Dawn’s Fall-bo – got leftover turkey? Easy!
I came up with this “recipe” one year when trying to figure out what to do with all the leftover Thanksgiving turkey…I had made way too much soup and pot pie filling already! So, a gumbo twist it was!

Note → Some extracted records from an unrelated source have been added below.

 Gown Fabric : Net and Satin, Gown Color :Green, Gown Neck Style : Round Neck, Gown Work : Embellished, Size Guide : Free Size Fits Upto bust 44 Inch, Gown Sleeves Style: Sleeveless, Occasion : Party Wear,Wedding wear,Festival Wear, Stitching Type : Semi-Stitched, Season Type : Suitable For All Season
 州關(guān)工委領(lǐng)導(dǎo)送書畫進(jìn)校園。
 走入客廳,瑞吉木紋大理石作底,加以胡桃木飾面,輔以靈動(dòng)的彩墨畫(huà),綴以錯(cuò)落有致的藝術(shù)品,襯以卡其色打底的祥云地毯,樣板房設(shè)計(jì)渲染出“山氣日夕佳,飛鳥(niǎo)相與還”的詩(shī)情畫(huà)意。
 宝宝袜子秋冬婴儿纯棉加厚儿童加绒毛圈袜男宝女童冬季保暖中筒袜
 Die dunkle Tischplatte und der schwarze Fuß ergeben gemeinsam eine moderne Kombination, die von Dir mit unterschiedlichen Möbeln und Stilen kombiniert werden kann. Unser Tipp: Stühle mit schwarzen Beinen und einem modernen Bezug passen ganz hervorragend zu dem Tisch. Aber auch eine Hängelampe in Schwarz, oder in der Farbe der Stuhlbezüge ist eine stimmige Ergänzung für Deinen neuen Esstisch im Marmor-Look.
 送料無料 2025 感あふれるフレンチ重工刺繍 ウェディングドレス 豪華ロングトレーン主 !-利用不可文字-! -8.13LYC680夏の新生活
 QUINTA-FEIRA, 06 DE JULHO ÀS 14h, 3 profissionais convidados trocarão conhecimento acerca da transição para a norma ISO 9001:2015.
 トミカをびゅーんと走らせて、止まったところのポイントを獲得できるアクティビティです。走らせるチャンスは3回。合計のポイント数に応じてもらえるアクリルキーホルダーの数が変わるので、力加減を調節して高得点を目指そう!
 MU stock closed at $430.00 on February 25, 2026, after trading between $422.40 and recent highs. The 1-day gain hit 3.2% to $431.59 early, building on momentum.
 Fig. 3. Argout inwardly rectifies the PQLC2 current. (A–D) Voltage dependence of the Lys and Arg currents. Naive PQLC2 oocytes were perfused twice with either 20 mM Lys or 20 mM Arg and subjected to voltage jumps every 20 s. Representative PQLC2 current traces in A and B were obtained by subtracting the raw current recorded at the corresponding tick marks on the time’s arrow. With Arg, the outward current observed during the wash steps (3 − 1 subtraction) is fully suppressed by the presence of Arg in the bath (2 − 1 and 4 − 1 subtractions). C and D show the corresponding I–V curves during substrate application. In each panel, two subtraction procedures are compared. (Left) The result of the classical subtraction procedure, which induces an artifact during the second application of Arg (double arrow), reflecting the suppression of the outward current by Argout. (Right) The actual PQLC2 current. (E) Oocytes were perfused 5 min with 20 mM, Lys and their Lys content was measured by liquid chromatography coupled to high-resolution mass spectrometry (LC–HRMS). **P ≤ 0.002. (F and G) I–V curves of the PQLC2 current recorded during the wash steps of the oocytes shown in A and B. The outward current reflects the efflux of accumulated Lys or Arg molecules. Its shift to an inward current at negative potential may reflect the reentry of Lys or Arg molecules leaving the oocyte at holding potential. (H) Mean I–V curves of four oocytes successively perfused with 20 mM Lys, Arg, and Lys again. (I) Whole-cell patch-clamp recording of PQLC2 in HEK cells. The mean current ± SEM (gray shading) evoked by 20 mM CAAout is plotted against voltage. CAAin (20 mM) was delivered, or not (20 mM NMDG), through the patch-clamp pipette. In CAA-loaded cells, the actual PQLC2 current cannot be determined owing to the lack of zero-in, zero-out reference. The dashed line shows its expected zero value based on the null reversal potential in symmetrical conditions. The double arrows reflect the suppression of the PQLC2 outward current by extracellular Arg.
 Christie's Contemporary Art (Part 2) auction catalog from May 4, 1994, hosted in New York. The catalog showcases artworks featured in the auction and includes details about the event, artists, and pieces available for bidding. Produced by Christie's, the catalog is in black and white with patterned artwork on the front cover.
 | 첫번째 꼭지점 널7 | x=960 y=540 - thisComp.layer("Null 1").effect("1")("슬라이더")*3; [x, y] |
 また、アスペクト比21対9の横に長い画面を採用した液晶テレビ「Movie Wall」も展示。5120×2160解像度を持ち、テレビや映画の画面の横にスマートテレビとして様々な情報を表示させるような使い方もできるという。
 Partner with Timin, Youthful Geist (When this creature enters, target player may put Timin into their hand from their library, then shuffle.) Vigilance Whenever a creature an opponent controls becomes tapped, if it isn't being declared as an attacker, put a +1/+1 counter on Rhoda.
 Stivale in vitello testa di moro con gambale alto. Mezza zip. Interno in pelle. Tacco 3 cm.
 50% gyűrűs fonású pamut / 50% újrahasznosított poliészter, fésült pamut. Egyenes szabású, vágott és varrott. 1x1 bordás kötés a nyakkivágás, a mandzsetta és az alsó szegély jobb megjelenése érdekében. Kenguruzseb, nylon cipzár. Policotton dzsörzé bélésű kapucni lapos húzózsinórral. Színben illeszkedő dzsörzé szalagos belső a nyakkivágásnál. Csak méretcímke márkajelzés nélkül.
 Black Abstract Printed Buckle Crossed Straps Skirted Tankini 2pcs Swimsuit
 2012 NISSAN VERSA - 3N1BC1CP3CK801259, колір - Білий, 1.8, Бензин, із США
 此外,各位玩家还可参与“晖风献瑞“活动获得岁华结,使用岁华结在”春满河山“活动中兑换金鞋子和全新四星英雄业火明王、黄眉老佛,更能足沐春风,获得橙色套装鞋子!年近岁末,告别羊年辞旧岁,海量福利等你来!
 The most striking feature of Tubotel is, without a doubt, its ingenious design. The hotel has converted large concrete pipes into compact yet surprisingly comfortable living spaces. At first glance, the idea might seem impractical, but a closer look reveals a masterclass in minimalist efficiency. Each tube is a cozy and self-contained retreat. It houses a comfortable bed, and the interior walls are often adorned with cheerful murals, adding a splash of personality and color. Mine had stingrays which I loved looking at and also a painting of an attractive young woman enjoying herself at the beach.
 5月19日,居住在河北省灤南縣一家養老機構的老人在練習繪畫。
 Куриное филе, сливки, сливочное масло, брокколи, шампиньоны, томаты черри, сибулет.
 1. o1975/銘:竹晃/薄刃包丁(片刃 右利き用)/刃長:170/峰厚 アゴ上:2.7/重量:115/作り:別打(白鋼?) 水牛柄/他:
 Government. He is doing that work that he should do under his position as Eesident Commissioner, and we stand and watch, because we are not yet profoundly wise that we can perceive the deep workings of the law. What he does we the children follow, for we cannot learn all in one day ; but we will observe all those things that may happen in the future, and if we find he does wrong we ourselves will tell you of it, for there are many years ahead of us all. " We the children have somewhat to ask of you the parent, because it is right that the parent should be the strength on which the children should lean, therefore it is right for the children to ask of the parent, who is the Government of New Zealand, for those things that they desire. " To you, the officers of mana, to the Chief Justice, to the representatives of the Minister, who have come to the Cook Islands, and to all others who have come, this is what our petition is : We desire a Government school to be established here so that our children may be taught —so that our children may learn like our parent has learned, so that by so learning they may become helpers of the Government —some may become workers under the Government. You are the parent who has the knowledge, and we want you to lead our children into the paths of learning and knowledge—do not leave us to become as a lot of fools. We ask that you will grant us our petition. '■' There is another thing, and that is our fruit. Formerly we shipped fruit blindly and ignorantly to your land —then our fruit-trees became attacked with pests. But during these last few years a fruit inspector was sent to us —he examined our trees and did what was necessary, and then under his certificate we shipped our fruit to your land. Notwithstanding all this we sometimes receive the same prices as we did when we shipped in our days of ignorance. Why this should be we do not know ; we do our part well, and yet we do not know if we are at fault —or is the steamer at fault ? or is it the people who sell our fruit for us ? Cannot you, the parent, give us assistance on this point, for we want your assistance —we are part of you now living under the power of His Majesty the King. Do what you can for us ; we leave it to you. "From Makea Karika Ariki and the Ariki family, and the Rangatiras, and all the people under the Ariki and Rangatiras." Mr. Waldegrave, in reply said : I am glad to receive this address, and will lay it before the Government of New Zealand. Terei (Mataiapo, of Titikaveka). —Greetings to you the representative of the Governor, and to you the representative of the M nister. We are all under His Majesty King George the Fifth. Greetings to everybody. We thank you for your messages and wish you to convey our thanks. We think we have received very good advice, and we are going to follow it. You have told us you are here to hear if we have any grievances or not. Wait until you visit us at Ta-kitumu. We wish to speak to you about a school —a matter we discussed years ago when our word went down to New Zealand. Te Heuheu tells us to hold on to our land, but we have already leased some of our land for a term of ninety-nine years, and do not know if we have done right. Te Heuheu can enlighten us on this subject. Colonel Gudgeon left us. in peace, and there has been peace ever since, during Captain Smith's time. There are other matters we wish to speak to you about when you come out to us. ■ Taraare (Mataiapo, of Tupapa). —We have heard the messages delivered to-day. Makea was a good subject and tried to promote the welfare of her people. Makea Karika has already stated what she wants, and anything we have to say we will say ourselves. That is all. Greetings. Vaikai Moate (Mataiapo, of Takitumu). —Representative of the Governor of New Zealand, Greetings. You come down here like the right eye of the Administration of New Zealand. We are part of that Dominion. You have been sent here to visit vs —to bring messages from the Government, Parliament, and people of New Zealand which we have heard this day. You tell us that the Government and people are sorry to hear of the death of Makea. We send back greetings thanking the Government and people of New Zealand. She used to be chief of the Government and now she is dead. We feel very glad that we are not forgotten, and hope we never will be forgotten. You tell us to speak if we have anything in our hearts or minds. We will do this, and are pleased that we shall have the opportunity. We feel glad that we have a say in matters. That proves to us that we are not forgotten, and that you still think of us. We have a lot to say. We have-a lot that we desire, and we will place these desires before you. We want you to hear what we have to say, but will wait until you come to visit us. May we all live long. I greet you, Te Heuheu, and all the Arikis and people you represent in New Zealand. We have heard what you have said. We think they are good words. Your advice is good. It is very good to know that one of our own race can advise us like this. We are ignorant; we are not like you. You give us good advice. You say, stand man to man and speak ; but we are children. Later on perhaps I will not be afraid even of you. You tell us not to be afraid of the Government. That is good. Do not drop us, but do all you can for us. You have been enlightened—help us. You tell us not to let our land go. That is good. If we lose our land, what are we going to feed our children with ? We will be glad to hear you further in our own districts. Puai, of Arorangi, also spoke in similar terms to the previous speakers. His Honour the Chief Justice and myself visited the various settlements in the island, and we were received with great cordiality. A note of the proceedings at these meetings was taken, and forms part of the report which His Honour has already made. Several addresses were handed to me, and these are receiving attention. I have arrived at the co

- 3 tbsp extra virgin olive oil
- 5 tbsp white flour
- 1 can unsalted petite diced tomatoes
- 1 carton (32 oz) plus 1 can (14.5 oz) reduced sodium chicken broth
- 5 tbsp Cajun Seasoning of your choice (e.g., Mikey V’s Brok Da Mout, Todd’s Creole Dirt, Emeril’s, etc. – just be aware of level of SALT)
- 1 tbsp garlic powder
- 1 medium yellow onion, diced
- 1 green bell pepper, seeded and diced
- 2-3 stalks of celery, sliced thin
- 2 handful small frozen shrimp
- 1 link Andoulle sausage
- 1 ½ cup cooked TURKEY cubed
- 1 12 oz pack frozen cut okra (or more or less as desired)
- NOTE: Can also use cooked chicken instead of turkey
Slice Andoulle sausage at angle, approx 1/2″ thick slices – it will cook down a bit.
Place shrimp in bowl to thaw.
Rinse okra with water in a colander.
In large Dutch oven. brown both sides of sliced sausage and remove.
Leave Sausage drippings and add the olive oil. Add flour. Stir well until all oils and flour is mixed – approx 3-5 minutes. Do not allow it to burn.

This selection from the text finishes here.